TASK TO CARRY OUT: Each record that follows is to be duplicated exactly, though its pictures are not.

[Records contained in a dataset]
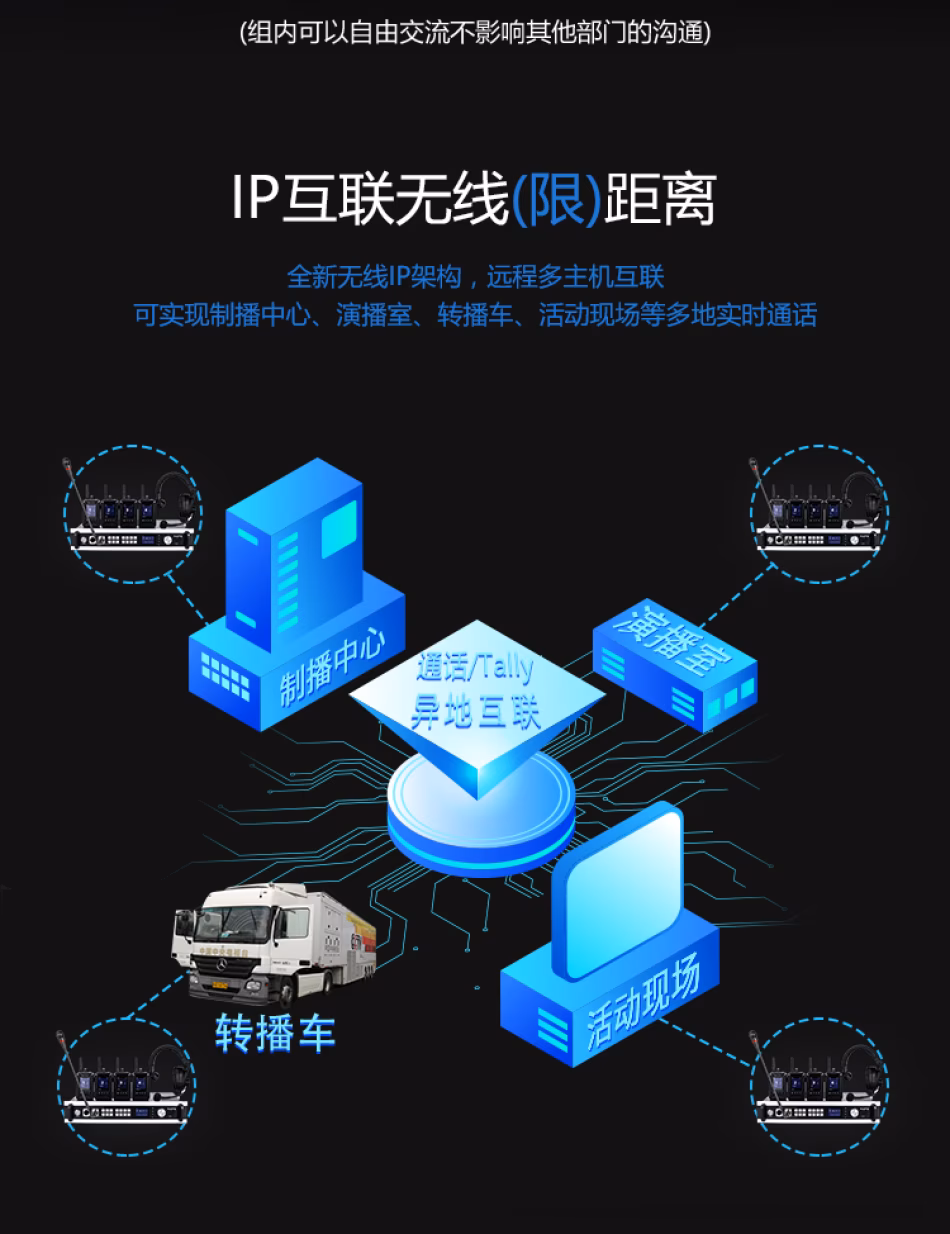 可实现制播中心、演播室、转播车、活动现场等多地实时通话
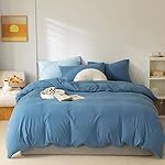 【Solid Blue Design】: Modern lake blue comforter set for women men grayish blue bedding comforter sets cotton 3pcs blue bed comforter queen set. The end to end sewn through concealing quilting ensures that the microfiber doesn’t shift, so you’ll never have any cold spots on the bed.
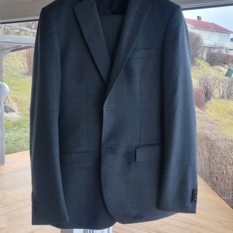 Pen sort dressjakke og bukse fra Dressmann selges. Svært lite brukt. Skjorte kan følge med 🌸.
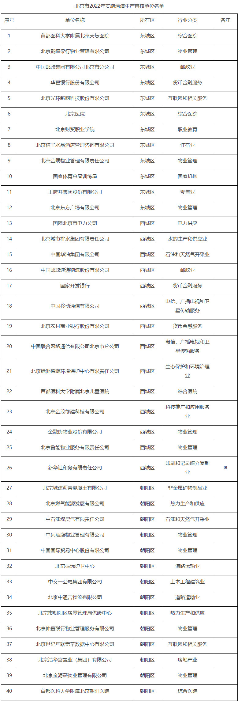 附件:北京市2022年實施清潔生產(chǎn)審核單位名單
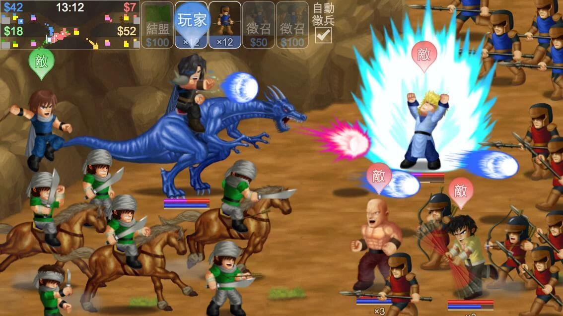 4.玩家可以带领一名队友与一名替补一同进入战斗,队友并不受控制,他会根据战场的局面自动作战,个人比较喜欢让拳师作为队友,不但攻击力强而且控场能力非常优秀,与街机的三国志差不多。
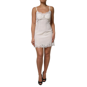 Dolce & Gabbana White Lace DG Logo Silk Dress Sleepwear
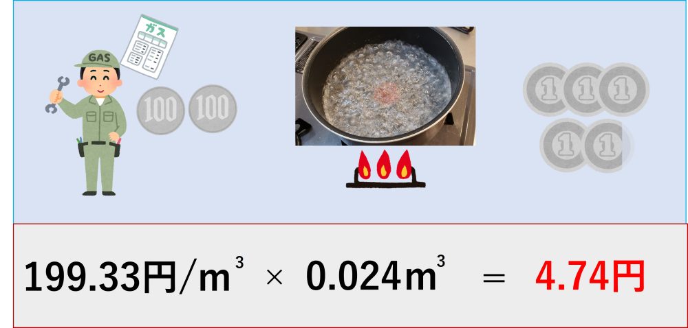 最後にガスの使用量と、ガスの単価をかけることで金額を算出できます。 ガスの単価は、199.33円/m3×使用料約0.024m3をかけると結果 4.74円となります。 つまりガスコンロで1リットルのお湯を沸かすとガス代が4.74円かかるということになります。
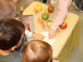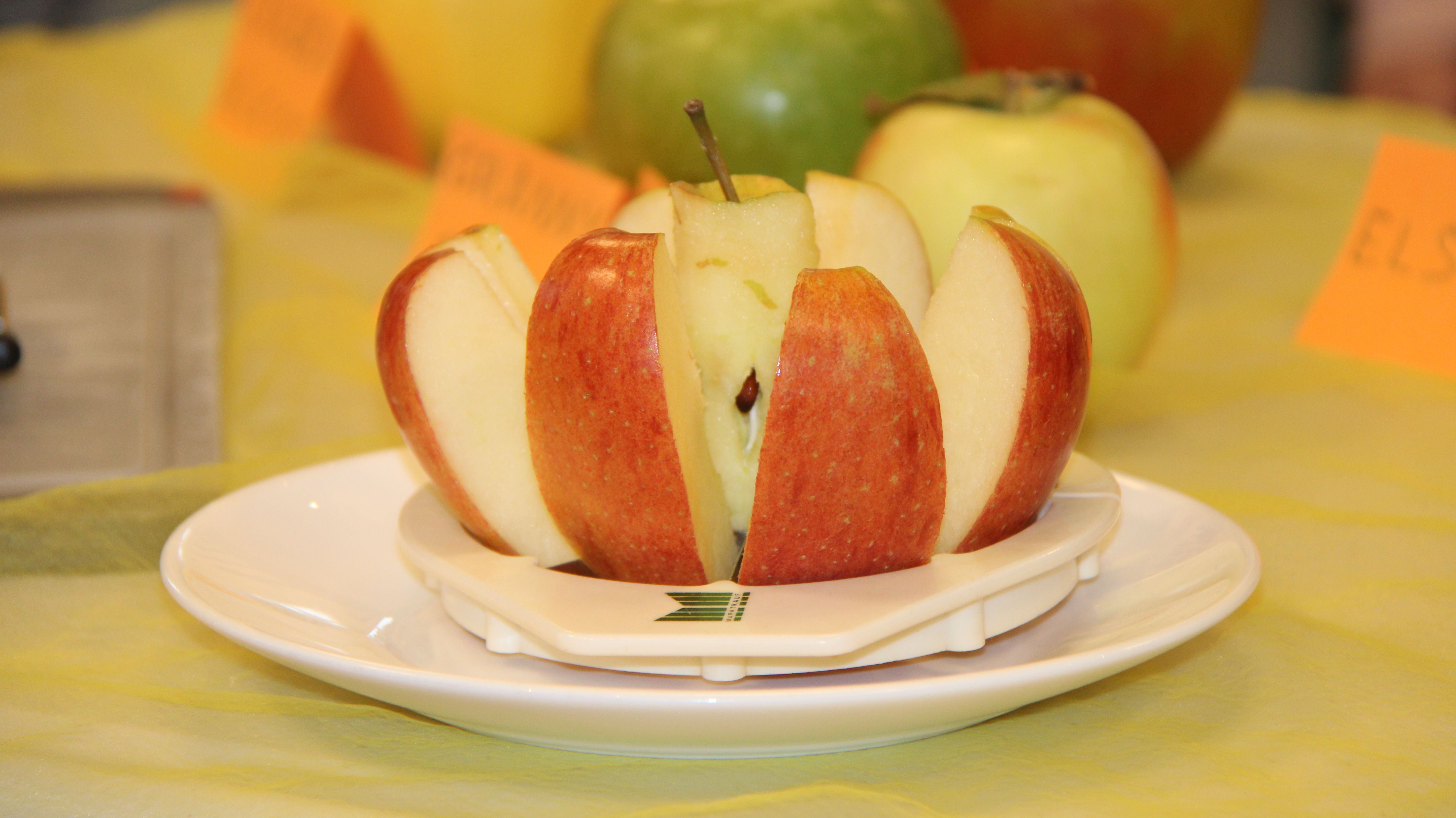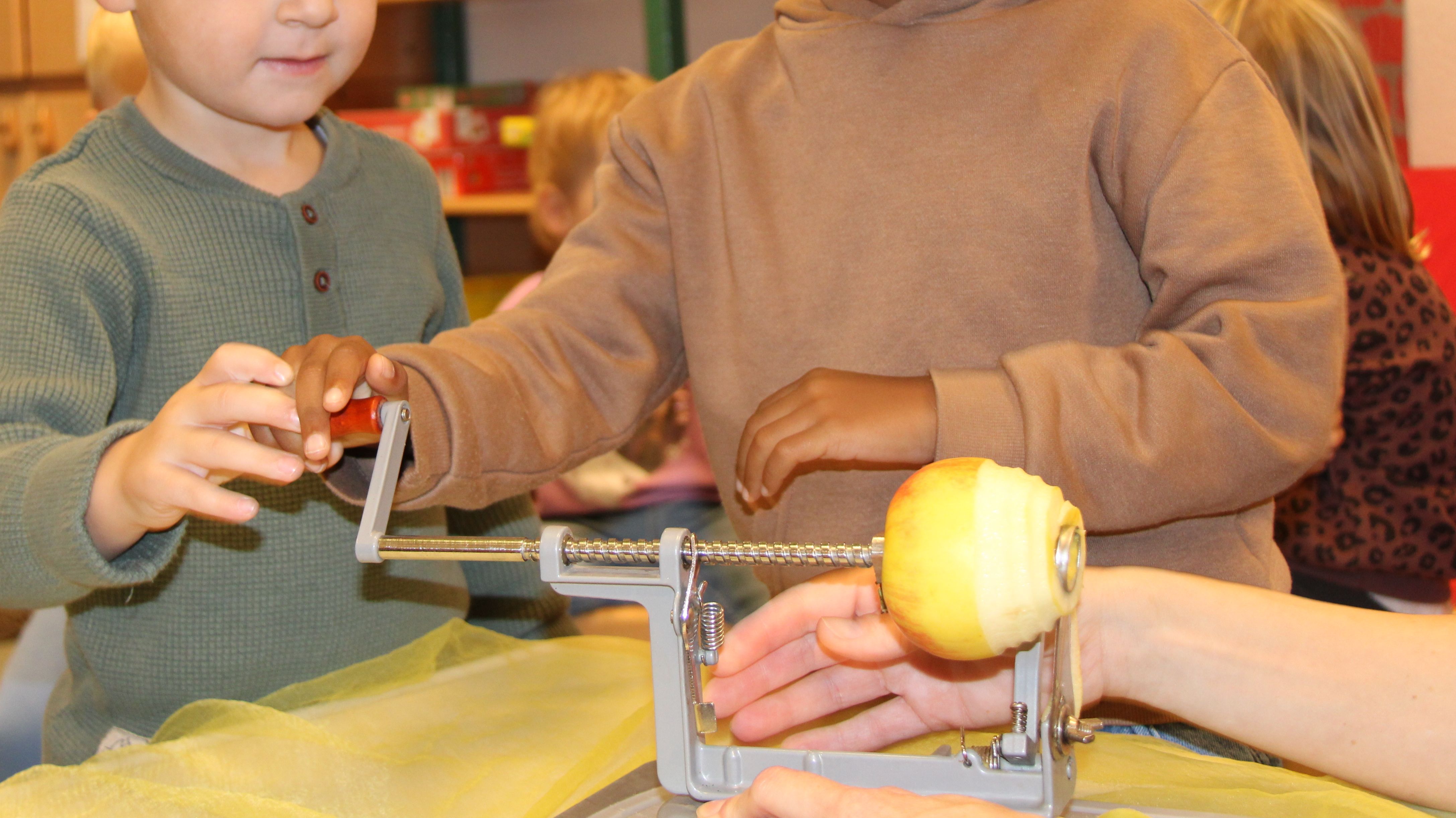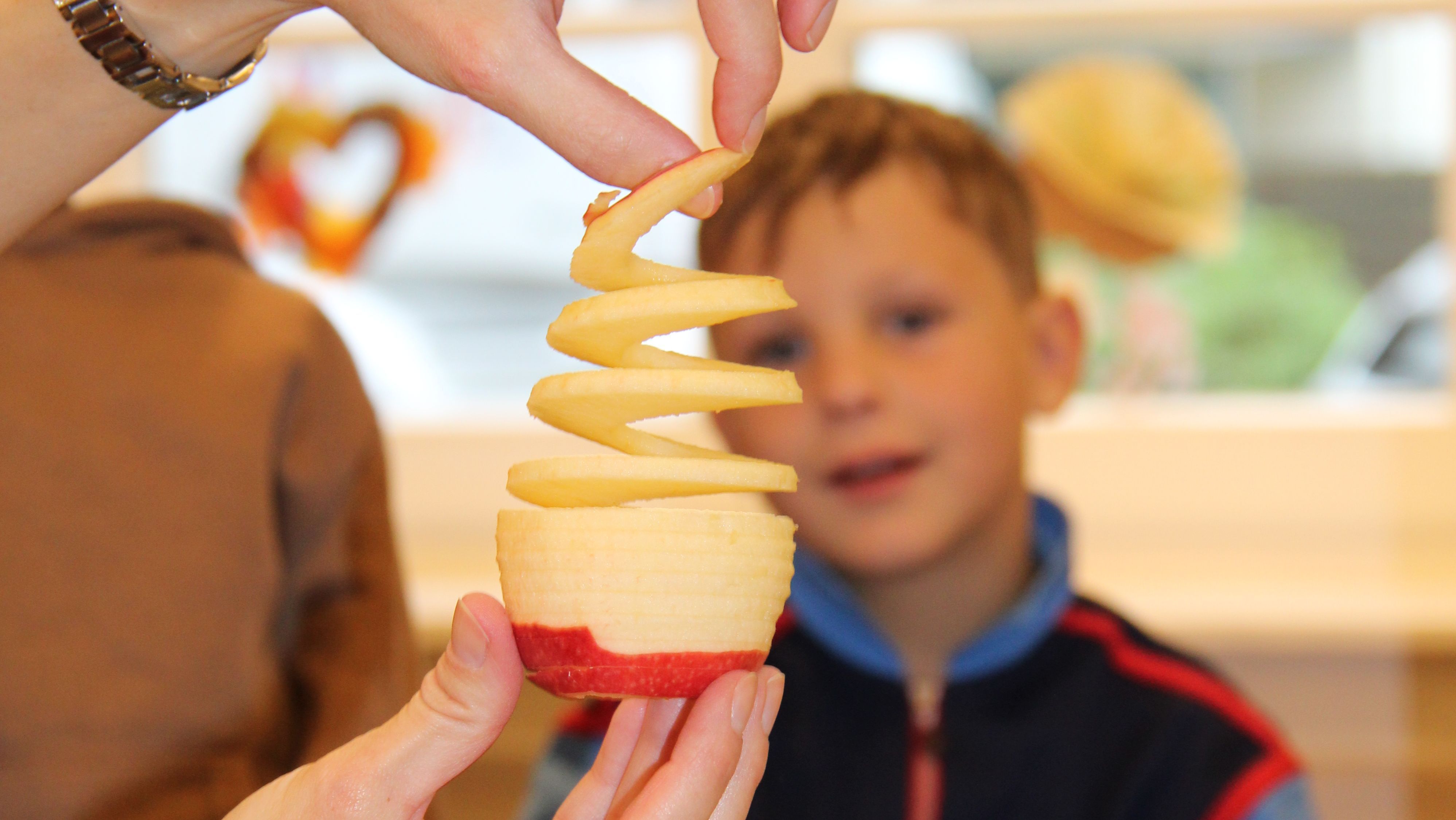 Im Stuhlkreis lernten die Kinder verschiedene Apfelsorten kennen und durften sie mit allen Sinnen ausprobieren – riechen, fühlen, schmecken und vergleichen. Besonders spannend war es, als jedes Kind seinen eigenen Apfel mitbrachte, den wir mit unserer Apfelschälmaschine gemeinsam geschält, geschnitten und natürlich genüsslich vernascht haben.
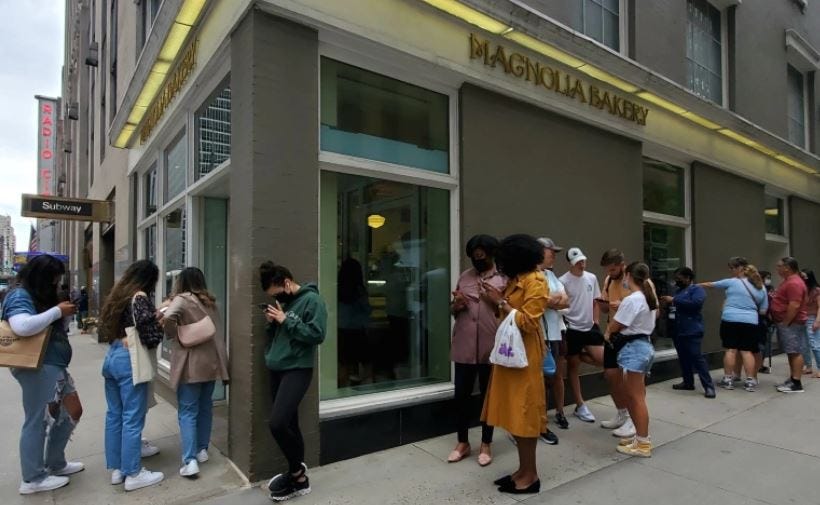 Cupcakes are single-serving, portable desserts, as are cookies, brownies, candy bars, and so on. Yet it’s cupcakes that persistently inspire people to queue up.
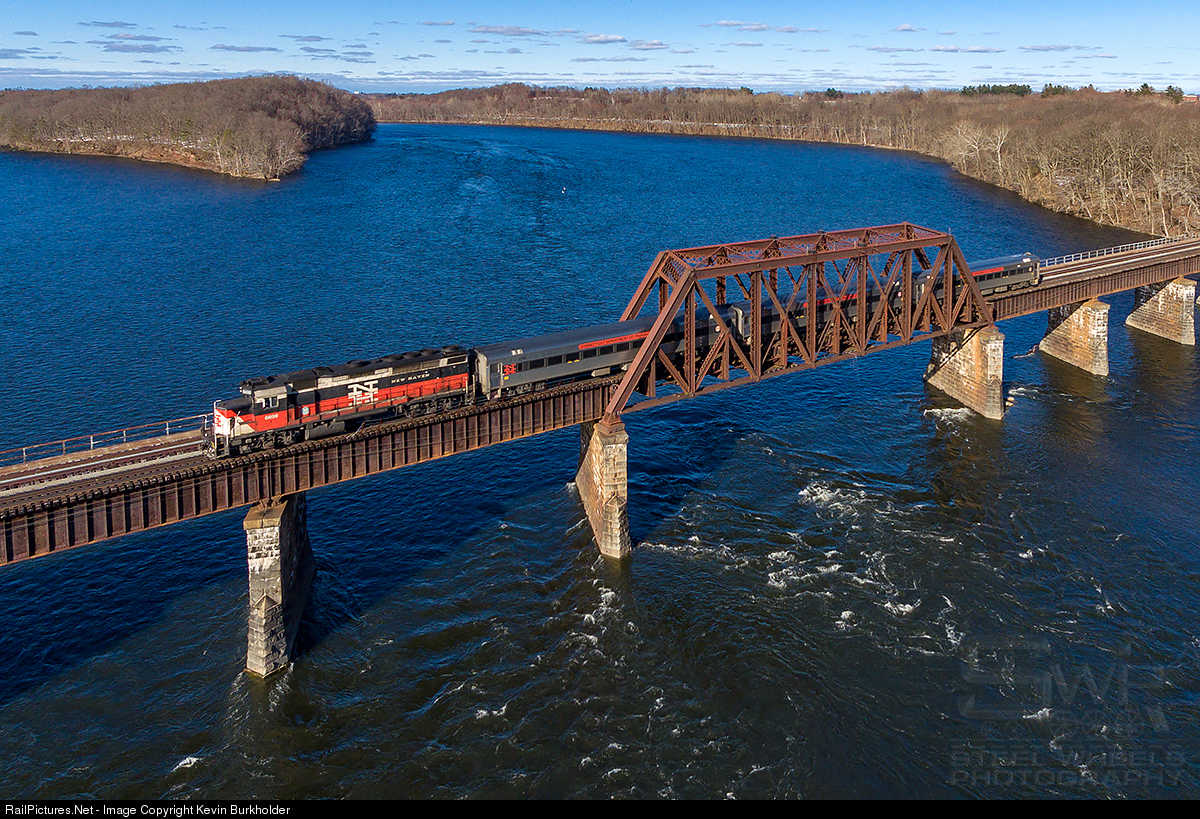 As the Connecticut Department of Transportation gears up for the May 2018 launch of the new Hartford Line service, test trains were launched this weekend with borrowed Shore Line East equipment from CDOT. Test 6696 south is seen crossing the Connecticut River at Suffield, Connecticut on Sunday afternoon, March 11, with one of the two remaining GP40-2H locos in this particular scheme.
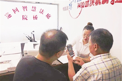 目前,台州已全面建立人民调解指导员制度,由巡回智慧法庭庭长担任人民调解指导员,通过对化解疑难复杂纠纷和行业性专业性矛盾纠纷开展专项指导,提高调解成功率。从第一家巡回智慧法庭挂牌设立到最后一家揭牌,短短1个半月不到,已有41起矛盾纠纷调解成功。
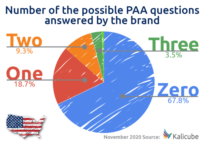 なぜPAAはデジタル戦略の一部でなければならないのか。 PAAが対処する必要のあるものであることに気付いたブランドはほとんどないようです。 Kalicubeが提供する数字は、大多数のブランドがブランド戦略のこの側面を理解できていないことを明確に示しています。
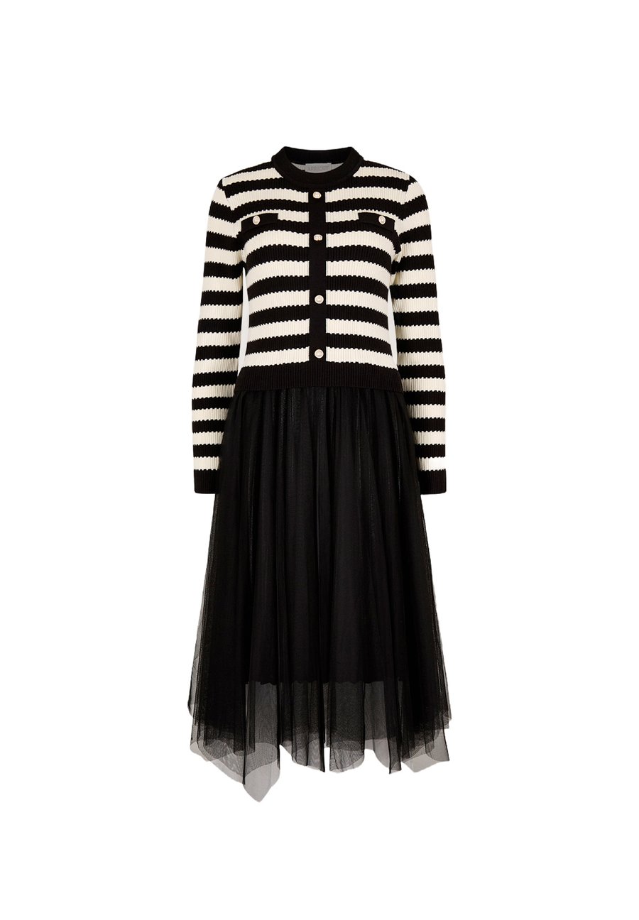 Это универсальное платье миди позволяет создать образ 2 в 1, не требующий особых усилий при выборе одежды. Платье выполнено из мягкого ребристого трикотажа с классическими полосками и декоративными пуговицами, а также контрастной юбки из тюля с подкладкой для комфорта. Вырез горловины: круглый. Карманы: нагрудный. Узор: полосатый. Детали: декоративные пуговицы, стразы, нижняя юбка, кайма. Материал и уход: 50% вискоза, 30% нейлон, 20% акрил. Материал нижней части: 100% полиэстер. Подкладка: 100% полиэстер. Ткань: тюль, ребристая. Инструкции по уходу: не отбеливать, не сушить в сушильной машине, машинная стирка при 30 °C. Размер и посадка: стандартная. РасклешенныйДоставка товаров осуществляется курьером или на пункт выдачи заказов.
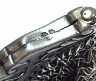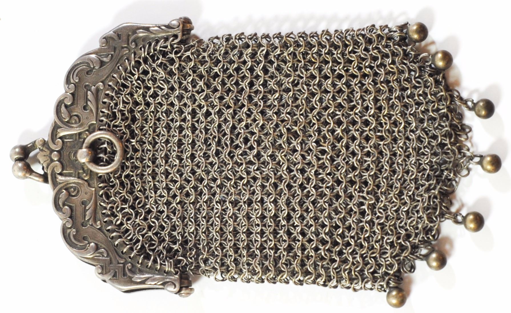 Fishnet coin wallet, Art Deco, silver, with stylized pattern on framing, with dangling balls, inside divided into two compartments. Signed, weight: 40 gm, dimensions: 6x10 cm.

EXPECTED OUTPUT:
 可实现制播中心、演播室、转播车、活动现场等多地实时通话
 【Solid Blue Design】: Modern lake blue comforter set for women men grayish blue bedding comforter sets cotton 3pcs blue bed comforter queen set. The end to end sewn through concealing quilting ensures that the microfiber doesn’t shift, so you’ll never have any cold spots on the bed.
 Pen sort dressjakke og bukse fra Dressmann selges. Svært lite brukt. Skjorte kan følge med 🌸.
 附件:北京市2022年實施清潔生產(chǎn)審核單位名單
 4.玩家可以带领一名队友与一名替补一同进入战斗,队友并不受控制,他会根据战场的局面自动作战,个人比较喜欢让拳师作为队友,不但攻击力强而且控场能力非常优秀,与街机的三国志差不多。
 Dolce & Gabbana White Lace DG Logo Silk Dress Sleepwear
 最後にガスの使用量と、ガスの単価をかけることで金額を算出できます。 ガスの単価は、199.33円/m3×使用料約0.024m3をかけると結果 4.74円となります。 つまりガスコンロで1リットルのお湯を沸かすとガス代が4.74円かかるということになります。
 Im Stuhlkreis lernten die Kinder verschiedene Apfelsorten kennen und durften sie mit allen Sinnen ausprobieren – riechen, fühlen, schmecken und vergleichen. Besonders spannend war es, als jedes Kind seinen eigenen Apfel mitbrachte, den wir mit unserer Apfelschälmaschine gemeinsam geschält, geschnitten und natürlich genüsslich vernascht haben.
 Cupcakes are single-serving, portable desserts, as are cookies, brownies, candy bars, and so on. Yet it’s cupcakes that persistently inspire people to queue up.
 As the Connecticut Department of Transportation gears up for the May 2018 launch of the new Hartford Line service, test trains were launched this weekend with borrowed Shore Line East equipment from CDOT. Test 6696 south is seen crossing the Connecticut River at Suffield, Connecticut on Sunday afternoon, March 11, with one of the two remaining GP40-2H locos in this particular scheme.
 目前,台州已全面建立人民调解指导员制度,由巡回智慧法庭庭长担任人民调解指导员,通过对化解疑难复杂纠纷和行业性专业性矛盾纠纷开展专项指导,提高调解成功率。从第一家巡回智慧法庭挂牌设立到最后一家揭牌,短短1个半月不到,已有41起矛盾纠纷调解成功。
 なぜPAAはデジタル戦略の一部でなければならないのか。 PAAが対処する必要のあるものであることに気付いたブランドはほとんどないようです。 Kalicubeが提供する数字は、大多数のブランドがブランド戦略のこの側面を理解できていないことを明確に示しています。
 Это универсальное платье миди позволяет создать образ 2 в 1, не требующий особых усилий при выборе одежды. Платье выполнено из мягкого ребристого трикотажа с классическими полосками и декоративными пуговицами, а также контрастной юбки из тюля с подкладкой для комфорта. Вырез горловины: круглый. Карманы: нагрудный. Узор: полосатый. Детали: декоративные пуговицы, стразы, нижняя юбка, кайма. Материал и уход: 50% вискоза, 30% нейлон, 20% акрил. Материал нижней части: 100% полиэстер. Подкладка: 100% полиэстер. Ткань: тюль, ребристая. Инструкции по уходу: не отбеливать, не сушить в сушильной машине, машинная стирка при 30 °C. Размер и посадка: стандартная. РасклешенныйДоставка товаров осуществляется курьером или на пункт выдачи заказов.
 Fishnet coin wallet, Art Deco, silver, with stylized pattern on framing, with dangling balls, inside divided into two compartments. Signed, weight: 40 gm, dimensions: 6x10 cm.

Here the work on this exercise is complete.